- Using genetic analysis, researchers found higher alcohol consumption increased risks for stroke and peripheral artery disease (PAD).
- Studies using genetic analysis don’t rely on observational data, which often use self-reported data and could be subject to unreported risk factors.
DALLAS — Higher alcohol consumption was shown to be associated with an increased risk of having a stroke or developing peripheral artery disease, according to new research published today in Circulation: Genomic and Precision Medicine, an American Heart Association journal.
While observational studies have consistently shown that heavy alcohol consumption
is associated with an increased risk of certain cardiovascular diseases, they often use self-reported data and are unable to determine cause. Researchers in this study used a different technique called Mendelian randomization that identifies genetic variants with a known association to potential risk factors to determine the potential degree of disease risk.
“Since genetic variants are determined at conception and cannot be affected by subsequent environmental factors, this technique allows us to better determine whether a risk factor — in this case, heavy alcohol consumption — is the cause of a disease, or if it is simply associated,”
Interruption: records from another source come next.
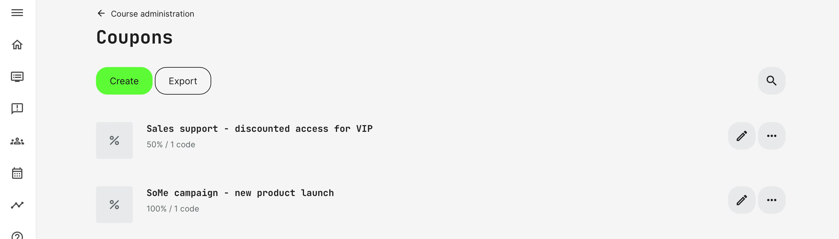 Use Coupons to offer discounted access with limited groups or open access for periods for SoMe campaigns, custom distribution and more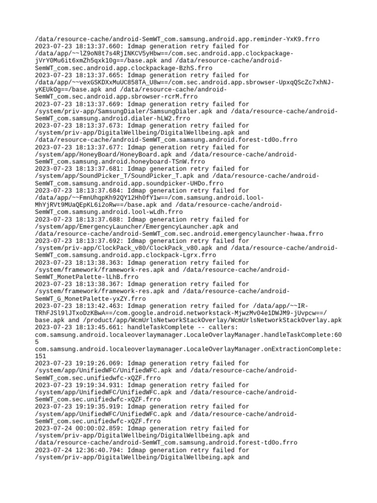 2023-07-23 18:13:42.463: Idmap generation retry failed for /data/app/~~IR-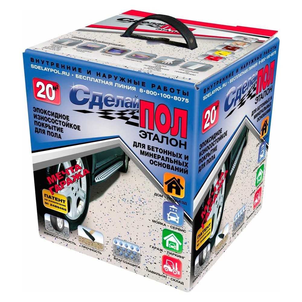 «Сделай ПОЛ Эталон» - двухкомпонентный, защитный, полимерный состав на эпоксидной основе, образует износостойкое, декоративное и долговечное покрытие, а также придает полу антистатические и антискользящие свойства. Готовое покрытие стойкое к воздействию механических нагрузок, появлению пыли и проникновению грязи, масел, воды в подложку. Состав «Сделай ПОЛ - Эталон» рекомендован для использования в торгово-складских помещениях, выставочных залах, гаражах, паркингах, автосервисах, станциях техобслуживания, автомойках, мастерских, цоколях и т.п. В комплект входят основа и отвердитель. Основа представляет собой раствор пигментов, наполнителей, модификаторов и пр. в эпоксидсодержащих смолах. Отвердитель представляет раствор полиамида. Массовая доля отвердителя в основе составляет 12%. Состав применяется на бетонные, полимерцементные и минеральных основания. Во избежание отслаивания и не полной полимеризации состава, выдержка новых бетонных полов и отремонтированных с применением сухих ровнителей и т.д., должна быть не менее 28 суток! Влажность основания не должна превышать 4%. Покрытие паронепроницаемо! Исключается нанесение на стекло, пластик, а на глянцевую керамическую плитку, керамогранит без предварительной абразивной обработки. Покрытие, образуемое составом «Сделай ПОЛ - Эталон» устойчиво при эксплуатации в условиях воздействия неагрессивной и слабоагрессивной среды с температурой от - 10°С до + 25°С. Нанесение состава при температуре не ниже +5°С.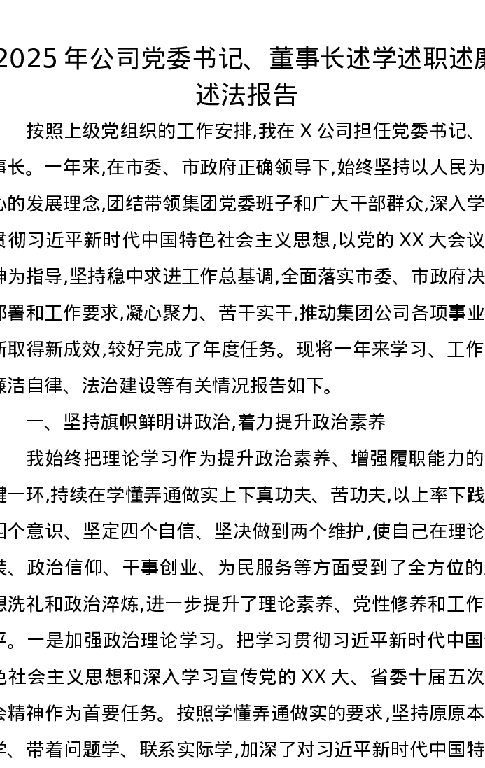2025年公司党委书记、董事长述学述职述廉述法报告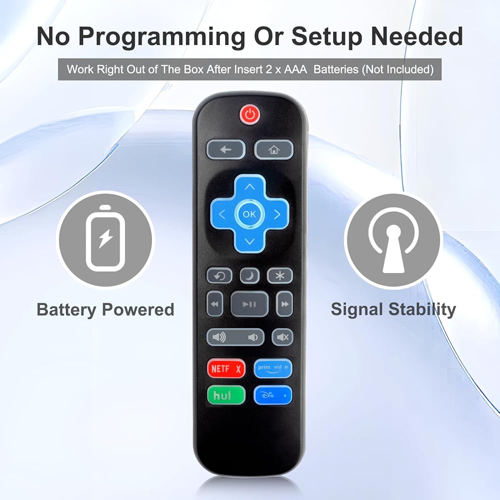 【جهاز تحكم عالمي لأجهزة تلفزيون روكو】متوافق مع أجهزة تلفزيون TCL/Hisense/Onn /Sharp/Element/Westinghouse/Philips/Insignia/JVC/RCA/Hitachi /Sanyo Roku. العمل خارج الصندوق، سهل الاستخدام.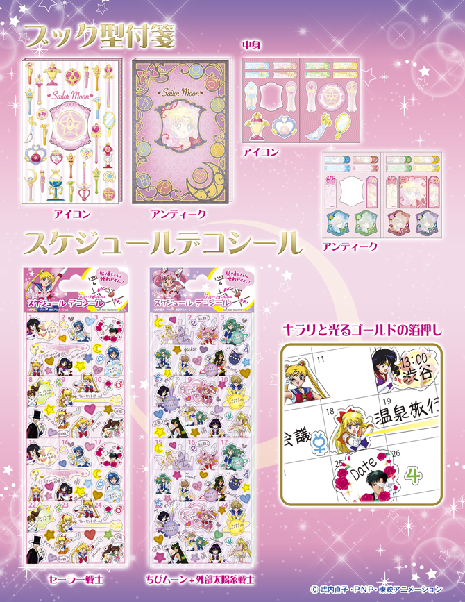 inner, jak i outer senshi. Odklejane karteczki kosztują 580 jenów za zestaw (ok. 18 zł), a naklejki 300 jenów za arkusz (ok. 9 zł).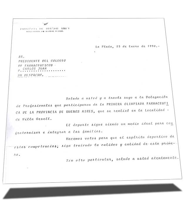 Ese día, al término de aquella reunión, se acercó a nosotros el secretario del Colegio de Farmacéuticos de la provincia, el colega Mario Castelli quien nos invitó al Colegio Central para que charláramos sobre la organización de los primeros juegos farmacéuticos de la provincia de Buenos Aires.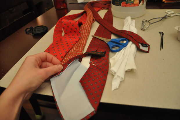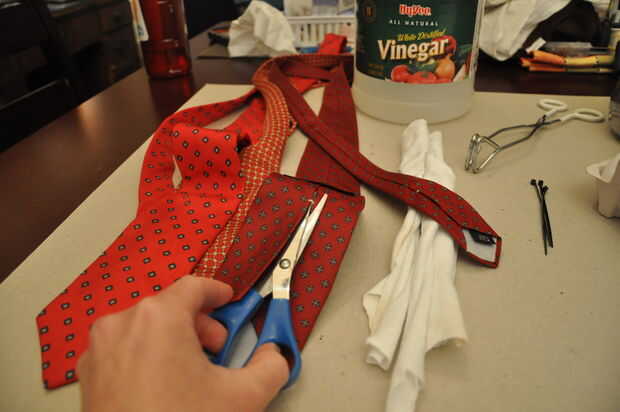 -Corte la puntada grande principal en la parte posterior de la corbata.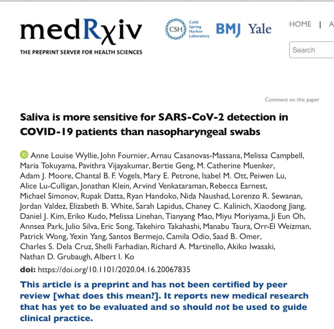 มี paper ศึกษา Sensitivity ของการตรวจ specimens ด้วยน้ำลาย เทียบกับ nasopharyngeal swab เพื่อจะดูว่า สามารถนำน้ำลายมาตรวจแทนการ swab ได้มั๊ย?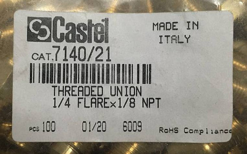 ПЕРЕХОДНИК CASTEL (НАРУЖ./НАРУЖ.) Threaded Union 1/4" Flare x 1/8" NPT, 7140/21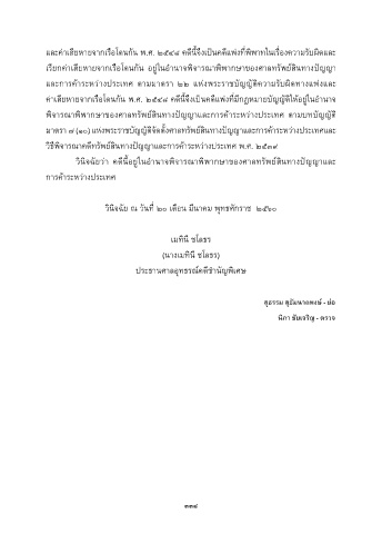 วินิจฉัยว่ำ คดีน้อยู่ในอ�ำนำจพิจำรณำพิพำกษำของศำลทรัพย์สินทำงปัญญำและ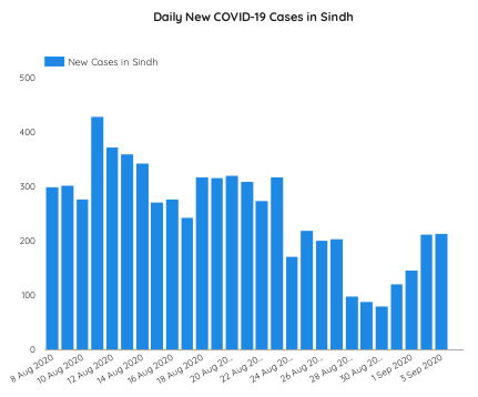 On September 3, new infections were reported from Karachi (119), Thatta (13), Badin (12), Dadu (4), Jamshoro (4), Mirpurkhas (4), Shikarpur (4), Tando Mohammad Khan (4), Naushero Feroze (4), Umerkot (3), Kambar Shahdadkot (3), Shaheed Benazirabad (2), Ghotki (2), Larkana (2), Hyderabad (2), Matiari (1), Sanghar (1), Khairpur (1), Sukkur (1), Tando Allahyar (1) and others–PNFS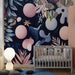 Scopri la nostra carta da parati foglie astratte e forme geometriche, ideale per ravvivare la camera dei tuoi bambini con motivi moderni e artistici. Questa carta da parati combina foglie stilizzate con forme rotonde e organiche in tonalità tenui di rosa e blu su uno sfondo scuro per un effetto chic e creativo.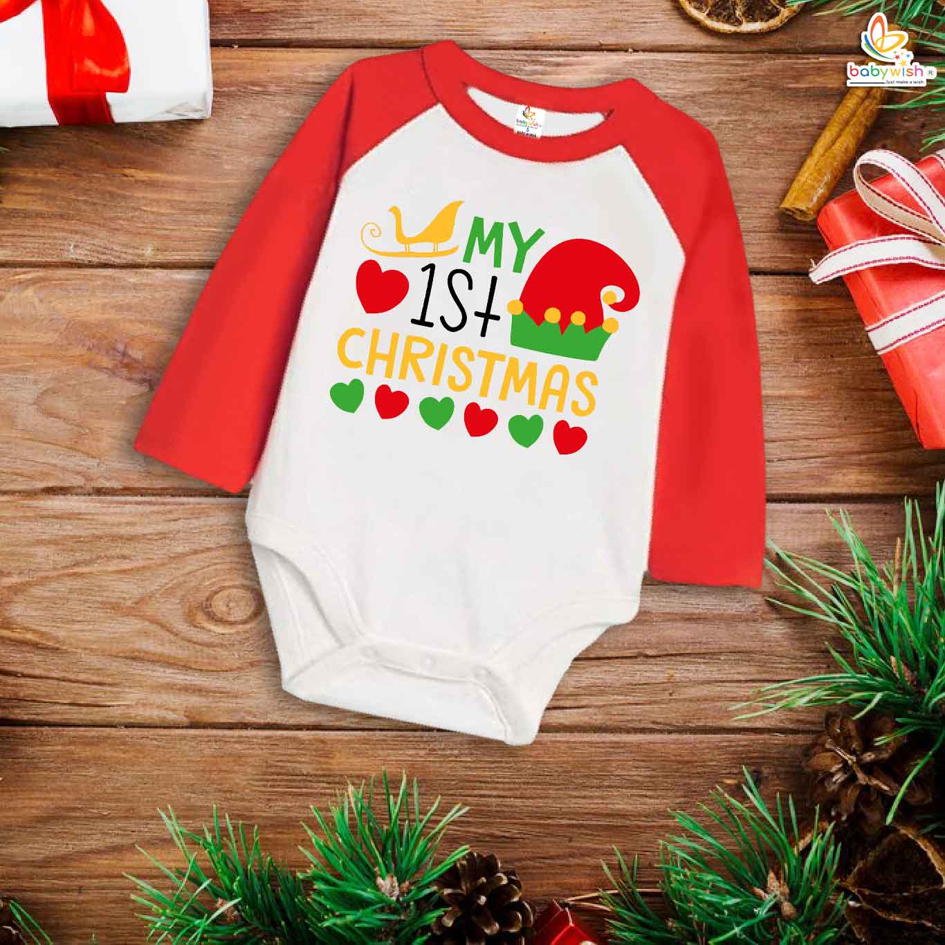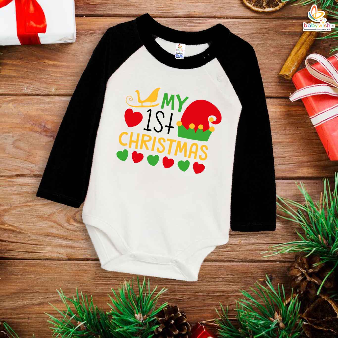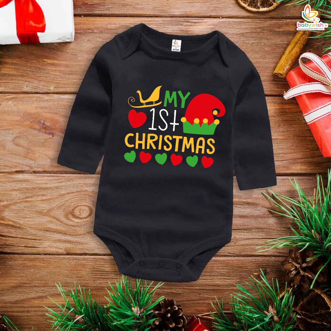 Babywish Christmas Romper Clothes My First Merry Bodysuit Romper My first Christmas Hat Print

said Susanna Larsson, Ph.D., senior researcher and associate professor of cardiovascular and nutritional epidemiology at Karolinska Institutet in Stockholm, Sweden. “To our knowledge, this is the first Mendelian randomization study on alcohol consumption and several cardiovascular diseases.”
Researchers analyzed the genetic data from several large-scale consortia and the UK Biobank, which follows the health and well-being of 500,000 United Kingdom residents. Results indicate that with higher alcohol consumption:
- a three-fold increase of peripheral artery disease, a narrowing of arteries that results in reduced blood flow, usually to the legs;
- a 27% increase in stroke incidence; and
- some evidence for a positive association of coronary artery disease, atrial fibrillation and aortic aneurysm.
“Higher alcohol consumption is a known cause of death and disability, yet it was previously unclear if alcohol consumption is also a cause of cardiovascular disease. Considering that many people consume alcohol regularly, it is important to disentangle any risks or benefits,” Larsson said.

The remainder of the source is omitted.